Notre-Seigneur, qui l'avait choisi pour servir de lumière à
plusieurs, l'élira au siège épiscopal de Paris, par l'élection qu'en
fit le clergé, l'an de Notre-Seigneur 630, au temps de Clovis, roi
de France, fils de Dagobert et de Sichilde.
Le mérite de sa
très-sainte vie le rendit plus illustre que l'antiquité ou la
noblesse de sa race, puisque l'histoire a remarqué l'un
et non pas l'autre. Il se comporta dignement en sa charge,
s'employant assidûment en la prédication, et en la pratique des
actions héroïques et vertueuses. Il avait un soin particulier de
soulager les pauvres, de retirer les pèlerins, de marier les pauvres
filles, d'assister les malades et
de s'employer à toutes sortes
d'œuvres charitables, avec tant de ferveur et d'affection, que pour
ses pieuses et grandes libéralités, il fut appelé prodigue par les
mondains.
Ce fut lui qui fit
premièrement construire l'hôtel-Dieu de Paris, où de son propre
revenu il nourrissait les pauvres malades, et ne se contentait pas
d'accomplir ce conseil évangélique : Donne à tout homme qui te
demande : mais il prévenait même et cherchait les indigents et
les nécessiteux, pour les-secourir. Enfin il devenait lui-même
indigent pour faire du bien et subvenir aux indigents ; tant était
grand le feu de sa charité, suivant en cela de bien près les
vestiges du Pasteur des pasteurs. D'où vient qu'il est représenté
ordinairement comme un jeune homme tenant entre ses mains une
corbeille remplie de pains, pour marque de son aumône continuelle.
Ainsi ce saint
personnage montrait le chemin du ciel, prêchait les œuvres de
charité, et était une lampe brillante par ses prédications, et
ardente par ses charitables actions. C'est ce qui a donné sujet au
moine Mareulphe, grave et ancien auteur, qui vivait de son temps, en
ses deux livres qu'il a écrits des Formules par son commandement, et
qu'il lui dédia, de l'appeler très-heureux en mérites, et digne de
tout honneur et louange apostoliques.
Tant de
perfections si relevées lui acquirent une si grande réputation dans
tout ce royaume, qu'on le jugea mériter la charge et le gouvernement
de tout un peuple.

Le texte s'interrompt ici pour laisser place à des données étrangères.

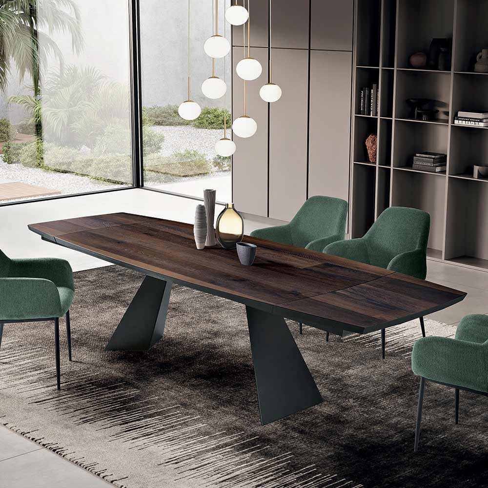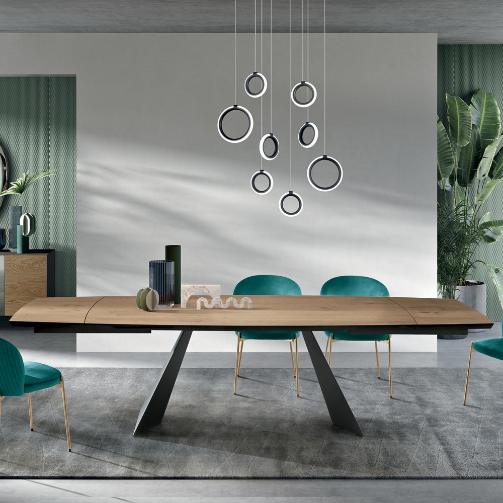 Bordet fås i en udtrækkelig version , der er ideel til at tilpasse sig forskellige daglige behov og til at give plads til gæster i hyggelige stunder. Tillægspladerne er separate og ikke integreret i bordet , og kan indsættes efter behov ved hjælp af de udtrækkelige skinner.

Aussi véritablement le même auteur dit qu'il fut
fait chancelier de France, maniant les affaires avec une intégrité
et une fidélité admirables, ne visant seulement qu'au bien et au
soulagement du public. Saint Ouen, archevêque de Rouen, qui vivait
en même temps que lui, avait aussi exercé cette charge avant lui. Il
avait une singulière dévotion à saint Denis, apôtre de la France et le premier évêque de Taris, et aux
saints
martyrs Rustic et Éleuthère, ses compagnons, dont les corps reposent
en l'église de l'abbaye de Saint-Denis en France. De sorte qu'afin
que les religieux de l'abbaye se conservassent mieux et plus
facilement à la discipline monastique, en la pureté et en la
tranquillité, il exempta l'abbaye de la juridiction de l'évêché de
Paris, à la requête même du roi Clovis II, l'an 662, le seizième de
son règne, laquelle exemption il fit confirmer, ratifier et
soussigner à vingt-quatre évêques assemblés à Clichy : entre
lesquels était saint Ouen, archevêque de Rouen, et saint Éloi,
évêque de Noyon. Elle fut écrite sur une écorce de bois, qui se
conserve soigneusement en cette abbaye. Ce privilège a aussi depuis
été confirmé par l'autorité du Saint- Siège apostolique. C'est ainsi
que le rapporte Doublet, en son
Histoire de l'abbaye de Saint-Denis.
Saint Landry donc,
après avoir gouverné l'Église de Paris avec autant de soin, de zèle
et d'affection qu'on pouvait désirer d'un saint prélat, rendit son
âme à Dieu, et s'en alla recevoir la récompense de ses travaux au
ciel, le 10 juin. Son corps fut inhumé en l'église de Saint-Germain
l'Auxerrois, où, par son invocation et par l'attouchement de sou
suaire et d'une de ses dents, il s'est fait plusieurs miracles.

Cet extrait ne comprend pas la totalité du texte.